Film Season Dedicated to Czech Director, Karel Zeman | Le fantastiche avventure del cinema ceco: Karel Zeman

Una retrospettiva dedicata al cinema di Karel Zeman alla Casa del Cinema, occasionata dal completamento del restauro de La diabolica invenzione (1958), che vedremo al Giorgione in tutto il suo ritrovato splendore. Il fantastico e l’avventuroso. Quello che dovrebbe essere chiaro a questo punto è che questo regista lavorava con la fantasia, con l’animazione e che era bravo nel suo genere. Oltre che essere di nazionalità ceca. Eppure, di Karel Zeman hanno sentito parlare in pochi. Perché?
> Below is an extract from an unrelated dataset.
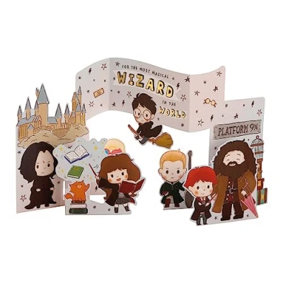 Make their birthday magical and full of enchanting wishes, with this exciting 3D Harry Potter birthday card from Hallmark Printed on high-quality board, this card pops up into an enchanting scene of Harry Potter characters, including Harry Potter, Ron Weasley, Hermione Granger, Draco Malfoy, Luna Lovegood, Hagrid, Severus Snape and Crookshanks the cat, the card features die cut elements, blue foil details and comes complete with a co-ordinating white, Hallmark branded envelope This product is fully recyclable, and made of material from well-managed, FSC-certified forests and other controlled sources Blank inside for your own message Flat Card Measures: 22.8 cm by 15.9 cm, Constructed Card Measures: 20.8 cm by 40 cm by 15 cm, Within Standard UK 'Large Letter' Size Limits

Perché è un regista che ha lavorato in una zona del mondo che non sempre appartiene a quella produzione cinematografica chiamata “occidentale”: nella Storia mondiale del cinema d’animazione di S. Cavalier è definito “sorta di versione est-europea psichedelica di Ray Harryhausen”. Soprattutto, perché, con le parole di C. Silver, curatore della sezione film del MoMa, “Karel Zeman è difficile da categorizzare”. La diabolica invenzione, Il Barone di Münchhausen (1962), Viaggio nella preistoria (1955) e I ragazzi del capitano Nemo (1967), i quattro titoli della retrospettiva, sono tutti realizzati combinando il passo uno, l’animazione di pupazzi, cartoni animati e litografi e e la direzione di attori in carne e ossa. Difficile da ordinare secondo le categorie stabilite.

Ray Harryhausen è il passo uno, possiamo affermarlo con una certa sicurezza, ma Karel Zeman cos’è? Rondolino nella sua Storia del cinema d’animazione paragona La diabolica invenzione all’opera di Méliès: il senso del meraviglioso, il piacere per i racconti fantastici e il gusto per lo scenografico del regista francese trovano nuova voce nel film ceco. Zeman ci ricorda così che la grandezza del cinema d’animazione è la creatività, in senso stretto la capacità di creare.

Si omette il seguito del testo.